## Assignment
Please transcribe the data that follows without the pictures, keeping every word the same.

## Provided data

- - - - -

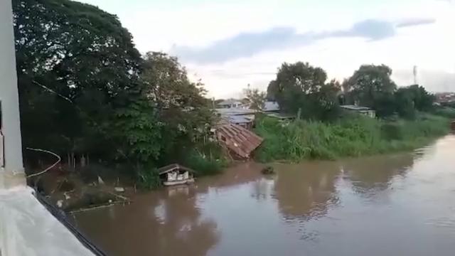 The home's foundation slid into the Nan River in Phichit province's Bang Mun Nak municipality on July 24 evening, sending the wooden structure crumbling to the ground after being lashed by storms. 2022-07-26 17:35:31
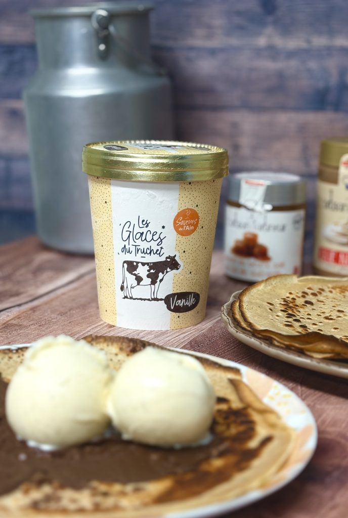 Cassis ( origine Veyziat ); Passion; Mangue; Thé Chaï; Banane Pépites de chocolat; Straciatella, Spéculoos.
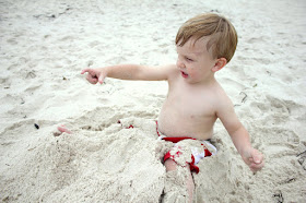 John dutifully took us to the beach! The grey clouds ensured that we had nearly the whole place to ourselves, and the children made the most of it with shell-gathering, seagull-chasing, sand-burying, and, of course, the sea, itself.

- - - - -

## Result of this task
 The home's foundation slid into the Nan River in Phichit province's Bang Mun Nak municipality on July 24 evening, sending the wooden structure crumbling to the ground after being lashed by storms. 2022-07-26 17:35:31
 Cassis ( origine Veyziat ); Passion; Mangue; Thé Chaï; Banane Pépites de chocolat; Straciatella, Spéculoos.
 John dutifully took us to the beach! The grey clouds ensured that we had nearly the whole place to ourselves, and the children made the most of it with shell-gathering, seagull-chasing, sand-burying, and, of course, the sea, itself.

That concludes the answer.